> **ASSIGNMENT**: What you write must be the listing below in full, word for word, minus its pictures.

> **INFORMATION PROVIDED**:
= = = =
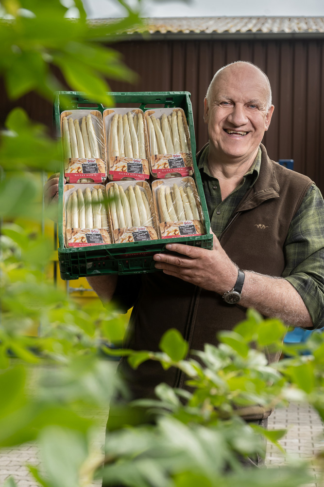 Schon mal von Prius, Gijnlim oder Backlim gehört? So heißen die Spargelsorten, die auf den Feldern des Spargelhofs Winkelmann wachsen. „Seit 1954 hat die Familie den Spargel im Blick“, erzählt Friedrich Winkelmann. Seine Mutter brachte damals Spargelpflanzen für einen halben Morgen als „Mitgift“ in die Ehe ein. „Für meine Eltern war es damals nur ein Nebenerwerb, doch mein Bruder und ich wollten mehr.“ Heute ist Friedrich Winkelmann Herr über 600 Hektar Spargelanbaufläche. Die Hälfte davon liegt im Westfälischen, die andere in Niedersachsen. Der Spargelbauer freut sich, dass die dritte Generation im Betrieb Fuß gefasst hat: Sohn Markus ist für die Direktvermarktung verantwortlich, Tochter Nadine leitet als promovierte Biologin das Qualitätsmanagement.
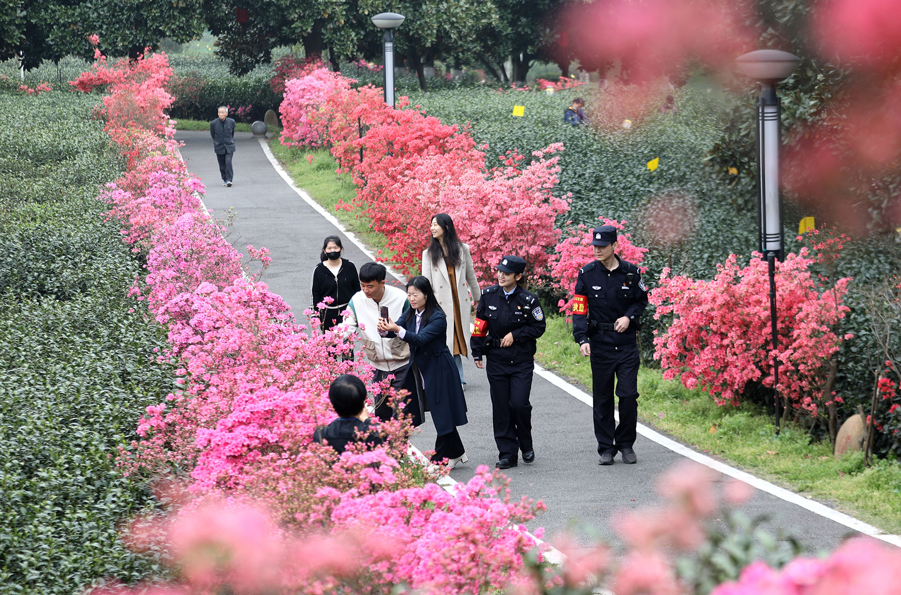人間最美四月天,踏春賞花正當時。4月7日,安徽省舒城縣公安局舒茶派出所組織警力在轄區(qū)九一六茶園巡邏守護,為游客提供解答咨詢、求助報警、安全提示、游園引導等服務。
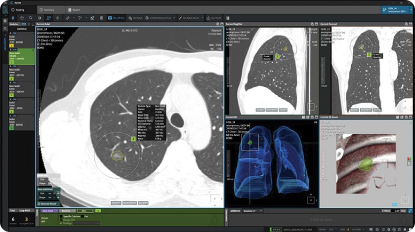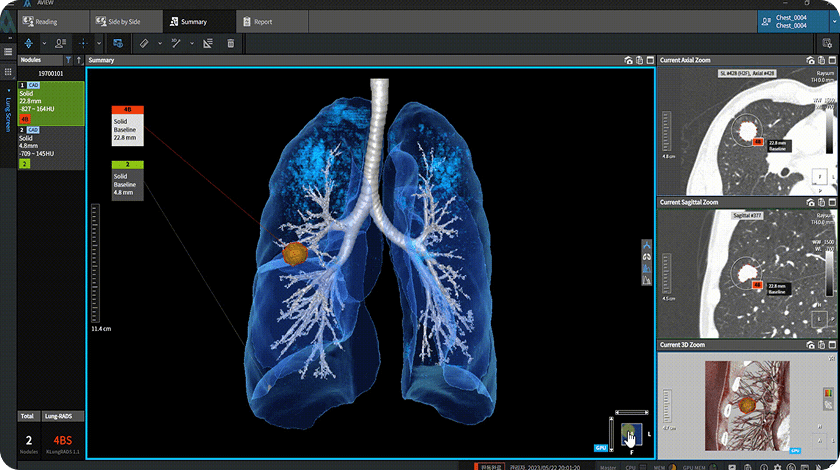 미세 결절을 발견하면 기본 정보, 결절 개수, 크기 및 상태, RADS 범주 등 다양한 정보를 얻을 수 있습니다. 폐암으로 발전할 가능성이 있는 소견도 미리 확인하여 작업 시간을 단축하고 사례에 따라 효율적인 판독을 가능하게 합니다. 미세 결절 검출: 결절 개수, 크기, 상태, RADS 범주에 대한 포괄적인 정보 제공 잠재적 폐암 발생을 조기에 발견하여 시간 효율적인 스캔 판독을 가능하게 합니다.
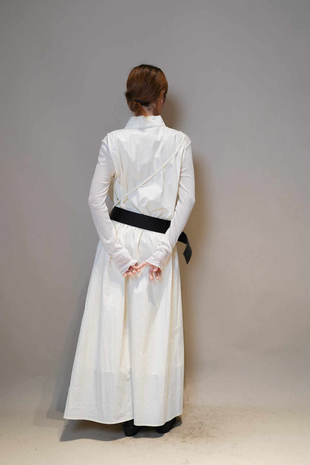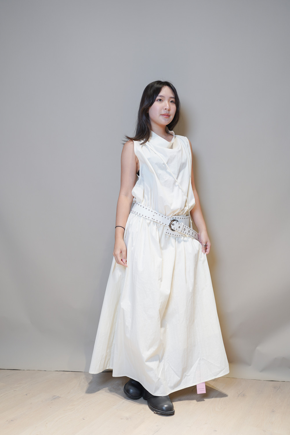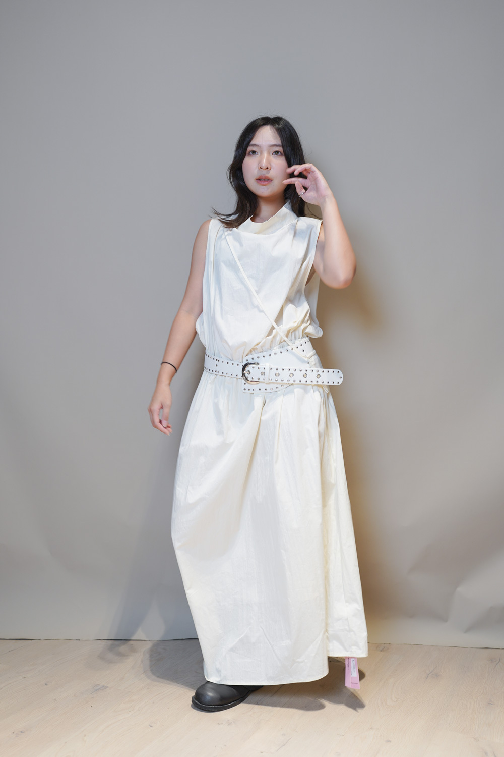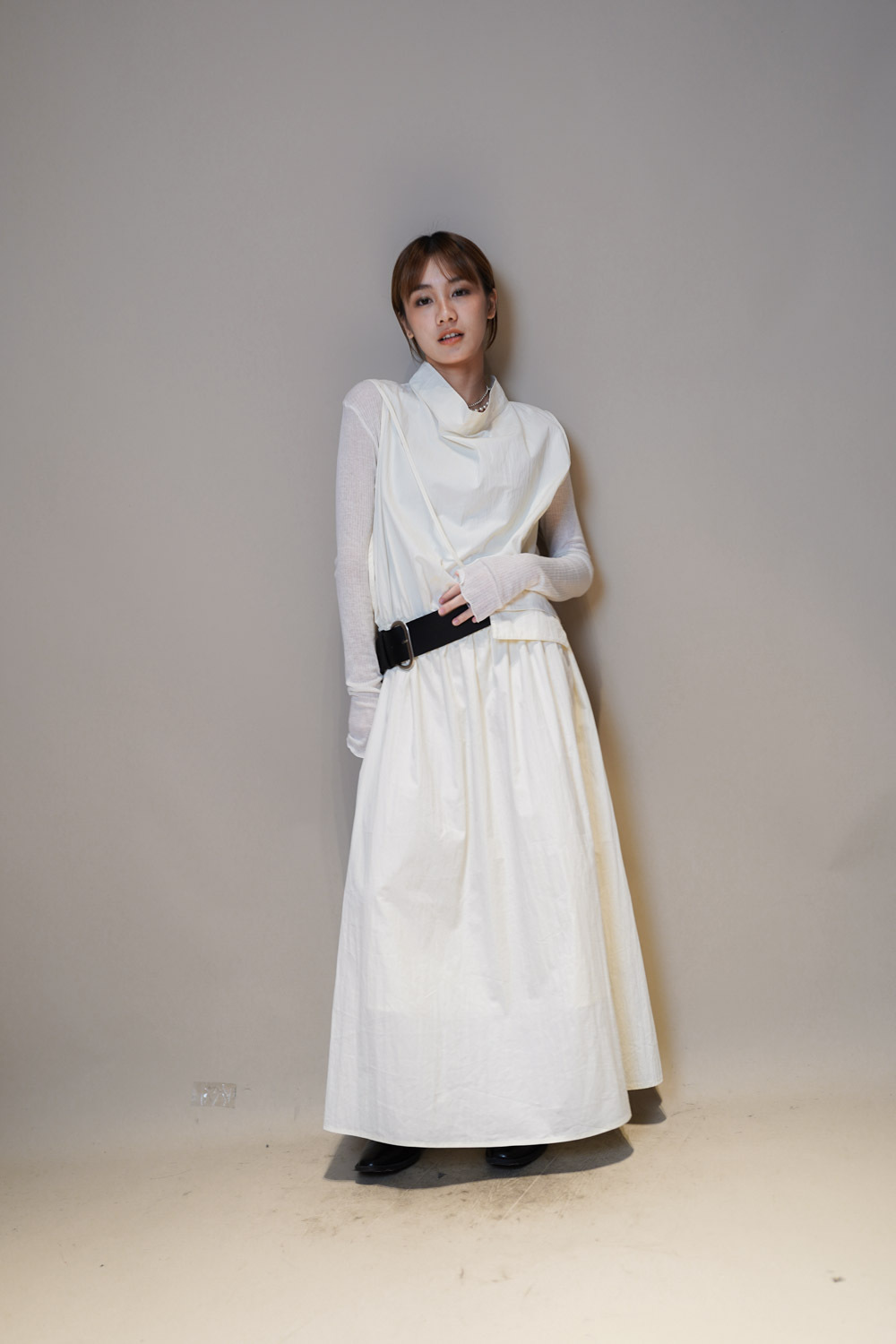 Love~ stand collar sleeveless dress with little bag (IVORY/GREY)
= = = =
> **EXPECTED ANSWER**:
 Schon mal von Prius, Gijnlim oder Backlim gehört? So heißen die Spargelsorten, die auf den Feldern des Spargelhofs Winkelmann wachsen. „Seit 1954 hat die Familie den Spargel im Blick“, erzählt Friedrich Winkelmann. Seine Mutter brachte damals Spargelpflanzen für einen halben Morgen als „Mitgift“ in die Ehe ein. „Für meine Eltern war es damals nur ein Nebenerwerb, doch mein Bruder und ich wollten mehr.“ Heute ist Friedrich Winkelmann Herr über 600 Hektar Spargelanbaufläche. Die Hälfte davon liegt im Westfälischen, die andere in Niedersachsen. Der Spargelbauer freut sich, dass die dritte Generation im Betrieb Fuß gefasst hat: Sohn Markus ist für die Direktvermarktung verantwortlich, Tochter Nadine leitet als promovierte Biologin das Qualitätsmanagement.
人間最美四月天,踏春賞花正當時。4月7日,安徽省舒城縣公安局舒茶派出所組織警力在轄區(qū)九一六茶園巡邏守護,為游客提供解答咨詢、求助報警、安全提示、游園引導等服務。
 미세 결절을 발견하면 기본 정보, 결절 개수, 크기 및 상태, RADS 범주 등 다양한 정보를 얻을 수 있습니다. 폐암으로 발전할 가능성이 있는 소견도 미리 확인하여 작업 시간을 단축하고 사례에 따라 효율적인 판독을 가능하게 합니다. 미세 결절 검출: 결절 개수, 크기, 상태, RADS 범주에 대한 포괄적인 정보 제공 잠재적 폐암 발생을 조기에 발견하여 시간 효율적인 스캔 판독을 가능하게 합니다.
 Love~ stand collar sleeveless dress with little bag (IVORY/GREY)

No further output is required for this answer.